COVID 19, Crisis Communication and Risk Perception

Presence of people at the kitchen markets, religious congregations such as mass prayers and funerals, and at the neighborhood tea stalls across the country sends an ominous signal that lockdown and social distancing fail to work to stem the spread of coronavirus. Despite reminders from Primer Minister Sheikh Hasina, Health Minister, and Health Directorate every day through the media about the risk and benefits of staying home and maintaining distance from each other, some people are still oblivious to this. The Police and the Army personnel are patrolling the streets to make sure that people do not throng the street but with limited success. Why are many people not staying at home? Why are lockdown and social distancing not fully effective in Bangladesh? Maybe people are not taking this health risk seriously. But, why not? We tried to look for explanations of this suicidal behavior of people in medical anthropology and communication studies.

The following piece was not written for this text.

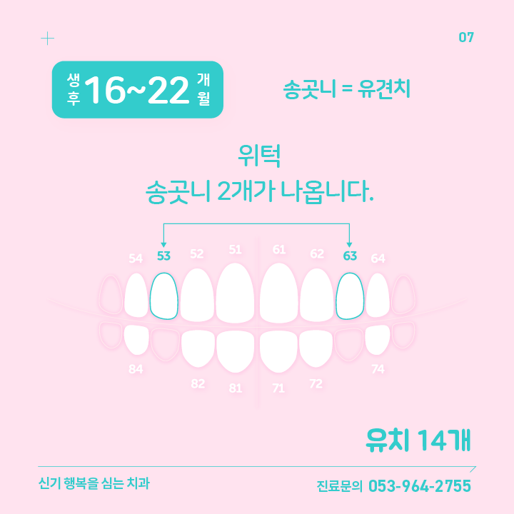 | 07 | 생후 16~22 개월 | 위턱 송곳니 2개 | 유견치 | 53번, 63번 |

Bangladesh officially declared the presence of coronavirus infected cases on March 08; however, discussions and concerns over the consequences of the virus poured into the public and media discourses way before the official declaration. The anxiety and plight of people in Wuhan, China carved out space in intellectual discussions. We were anxiously waiting to see whether it spread to our country. Eventually, the virus traveled to us via Italy when migrant Bangladeshi workers returned home from coronavirus affected Italy. The official declaration of the infected cases in the country heralded our inclusion to the global register of the COVID 19 hit countries.

Since March 08, the government gradually locked down various places based on the identification of cases and continued to encourage people to avoid public meetings and assemblies. To discourage assemblies and enforce social distancing, the government first shut down academic institutions and then all the offices—except banks and emergency services—businesses, and public transports. Some people continue to devise mechanisms to defeating all the measures to go out while the number of infected cases and death tolls are climbing high at a terrifying rate. 

Health communication texts suggest that the perception of risk from disease or disaster shapes people’s response to the risk. An individual’s perception is formed based on their cognitive, cultural, and social factors. Medical anthropology argues that an individual’s perception and analyses of disease correlate with their income, education, and class. People who are educated and have economic capital are more concerned about the fatal transmission of disease. Due to their vast social capital which may include their access to news media and a wider social network they are more inclined to a naturalistic explanation of the disease. A naturalistic etiological explanation sees illness as a result of natural causes such as the attack of germs. On the other hand, working-class people who lack economic as well as social capital are more dependent on a personalistic etiological explanation and rely less on scientific explanations. A personalistic etiological explanation identifies the disease as a consequence of auspicious forces, invisible deities or the action of black magic.

We talked to a cross-section of people to see how they perceived the risk of coronavirus across the country. Our discussions with some rickshaw pullers and domestic helpers reveal that they considered the coronavirus infection as a disease of rich people since they heard from their friends and relatives that people who were coming from abroad were the carriers of this virus. Since nobody came to their slums from abroad, they believed they were out of the reach of the virus. They had no clue about the social transmission process of the virus. Moreover, they cannot afford to confine themselves to the comfort of home as they live hand to mouth. They need to be on the street to sell their labor power for a living. 

A woman surviving on daily wages in a village in the northern part of the country told us in a phone conversation that “we regularly meet our neighbors. My son joins religious congregations at the local mosque. The crowds disperse when any police or army vehicle moves nearby.” She informed that recently many villagers who worked in the garment factories in Dhaka returned to the village and participate in group chats. She heard that coronavirus spreads through unknown people and through people who returned from abroad. She was unaware of the social transmission of the virus. 

Under the influence of some “Islamic” clerics, a section of people believes that the virus is a punishment from Allah and “real” Muslims will not get contaminated by the virus. People could get rid of this virus by asking for Allah’s forgiveness. People make efforts to join prayer congregations at the mosque or religious mass, ignoring warnings of the contamination. 

Measures for lockdown and social distancing tend to crumble across the country for a multitude of reasons. For making them a success, the health communication manual would suggest changing the risk perception. 

We need to figure out what are the socially and culturally acceptable ways to convey messages to people so that they will accept them with minimum hesitation. We also need to find out the appropriate messengers. Communication scholars argue that, in the case of mass communication, the two-stop flow theory still holds currency. It suggests that many people do not directly buy into the message of the mass media unless it is endorsed by their trusted ones. These trusted ones could be religious leaders, teachers, family guardians, community leaders, etc.   

[Dr. A J M Shafiul Alam Bhuiyan is a Professor of Film and Media Studies and Dr. Farhan Begum is a Professor of Medical Anthropology and Chairperson of the Department of Anthropology at the University of Dhaka.]